Returning to Wendell Berry’s “The Pleasures of Eating,” to end the essay he provides some guidelines on how to eat better if you live in a city or other location where growing your own food just isn’t feasible. Rule #3 begins: “Learn the origins of the food you buy, and buy the food that is produced closest to your home.” And Rule #4: “Whenever possible, deal directly with a local farmer, gardener, or orchardist.” Simply put, don’t go to national chain places, but instead, as the Alabama Farmers Market Authority would tell us, “Buy Local.”
One of my New Year’s resolutions for the past two years has been to do a better job of buying local produce at farmers markets, and I’ll admit that I haven’t done such a good job. I will also admit that my children, who are ages 7 and 4 now, love fast food as much as any kid in America, and it takes real resolve from my wife and I to stay away from that stuff. I want not only to eat better food myself, but also to raise them with the kinds of habits that will carry them through “Fast Food Nation” with fewer bad habits. My wife and I once chipped in for part of a share from nearby Red Root Farm, and though we loved having it, our laziness got the best of us and we let it go . . . Shame on us!
This way of eating is also a way of life rich in benefits that many advocates would proclaim we are denying ourselves; going back to Wendell Berry, in another essay from The Art of the Commonplace, “People, Land and Community,” he writes:
Without community, the good work of a single farmer or a single family will not mean much or last long. For good farming to last, it must occur in a good farming community— that is, a neighborhood of people who know each other, who understand their mutual dependences, and who place a proper value on good farming. (189)
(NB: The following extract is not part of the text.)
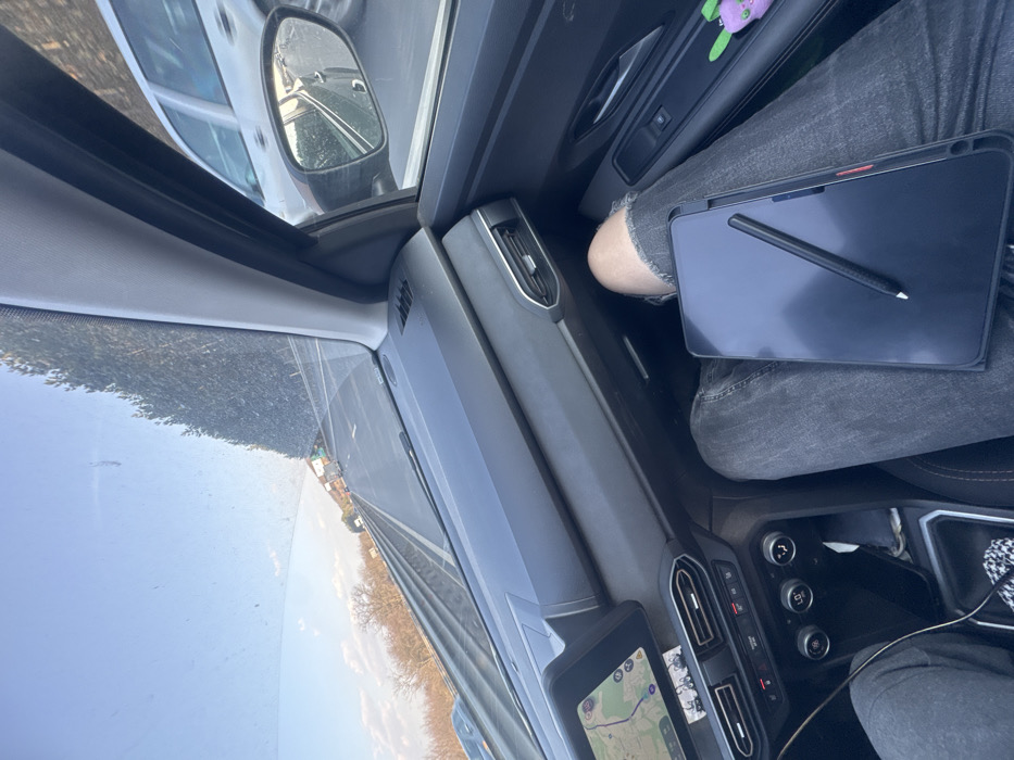 The image depicts the interior of a moving passenger vehicle on a multi-lane highway identified as being in the city of Baliovtsi, Bulgaria, under a clear daytime sky. The perspective is from the passenger side, looking forward and to the right. In the foreground, the legs of a person, likely a passenger, are visible. This individual wears dark, distressed denim jeans, with a torn section on the right knee exposing skin. A dark-colored tablet with a black stylus resting on its screen is positioned horizontally on their lap. Partially visible on the far left, another person's leg, clad in grey pants, suggests the presence of a driver. The vehicle's dark grey dashboard features a central infotainment screen displaying a navigation map with a route. Below this screen are air vents and rotary climate control knobs. A dark door panel is visible on the right, containing a small purple and green plush item in a storage pocket. The right side mirror reflects a segment of the highway and a silver vehicle in an adjacent lane. Externally, the asphalt highway has white lane markings. A dense row of tall evergreen trees lines the right side of the road, while a metal guardrail and bare deciduous trees are visible on the left. Other vehicles are present on the highway in the distance. The windshield exhibits some smudges or dirt.

After all, where do Southerners gather when it is time for community? Around the table for a meal. Whether visiting with family after church, celebrating a holiday (like Thanksgiving today), getting married, or mourning the loss of a loved one, Southerners wouldn’t dream of doing those things without food. The first thing that any Southern woman is going to ask when she hears about an occasion is “What can I bring?”
Just imagine the improvements to the health of the people of the Deep South if we cut out all that damned fast food, processed crap from chain restaurants, boxed and frozen dinners in the grocery store, and other greasy fried foods. We in the Deep South could change our lives, our communities and our economy by returning a way of life that our forebears once enjoyed without question. However, I do have to admit my own weakness for one terribly unhealthy food that I don’t ever intend to give up: really good, freshly cooked fried chicken; it’d break my heart to give it up totally, so I won’t do it— but I also know that I can’t live on it. (Even though I wish I could.) But I would tell anyone, do a little research on fast food and processed food and it’ll help you stay away from it when you see what it’s all about.
Now, get off the computer! It’s Thanksgiving! Go spend time with your family.